The rhombohedral MnHCF is regarded as a scalable, low-cost, and high-energy cathode material for Na-ion batteries due to the absence of crystal water.
However, the unexpected Jahn-teller effect and significant phase transformation causes Mn dissolution and anisotropic volume change, leading to capacity loss and structural instability. Thus, it is important to build a robust and full coverage coating on the surface of MnHCF particles to address the cycling instability.
A research group led by Prof. ZHAO Junmei from the Institute of Process Engineering (IPE) of the Chinese Academy of Sciences reported a simple room-temperature route to construct a magical CoxB skin on the surface of sodium manganese hexacyanoferrates (MnHCF), demonstrating thousands-cycle level cycling lifespan and high energy density close to LiFePO4 for Li-ion batteries.

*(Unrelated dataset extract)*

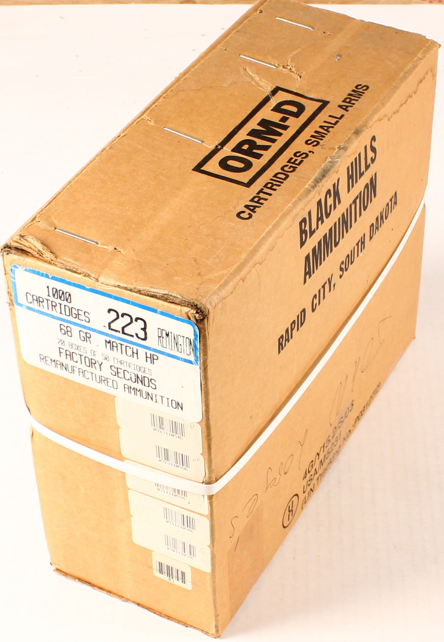 Black Hills Ammunition, Factory Seconds, 223 Remington, 68 Grain Match HP, FULL & SEALED Case of 1000rds, 1pc. multi-colored box, box is solid, with excellent color, Ammo is excellent. Grade: Excellent ++ - Value: 300 to 1200

The study was published in Angewandte Chemie on Jan. 31.
"Room-temperature-synthesized CoxB seems to be tailor-made as a coating substance of MnHCF cathode," said Prof. ZHAO. "Meanwhile, CoxB is a metallic borate glass, and due to high corrosion- and wear-resistance, it shows good mechanical flexibility, which is expected to prevent the fracture or fragmentation of cathode particles."
Moreover, CoxB can work as a double conductor of mixed electrons and ions. These unique advantages make the optimal CoxB-coated MnHCF cathode (MnHCF-5%CoxB) deliver an initial capacity of ~133 mA h g-1 at 10 C, higher than that of bare MnHCF (~110 mA h g-1).
More importantly, the coated samples can remain a capacity retention of over 80%, far superior to that of the pristine one (41%). In the full-cell configurations, the MnHCF-5%CoxB//HC delivers a high energy density of 310 Wh kg-1 based on the total mass of cathode/anode active substances, which is comparable to the commercial LFP cathode (~330 Wh kg-1).
"MnHCF-5%CoxB//HC shows an impressive capacity retention of ~71% at 5 C after cycling 1000 cycles, which is a significant breakthrough among the nonaqueous MnHCF full cells," said Prof. ZHAO.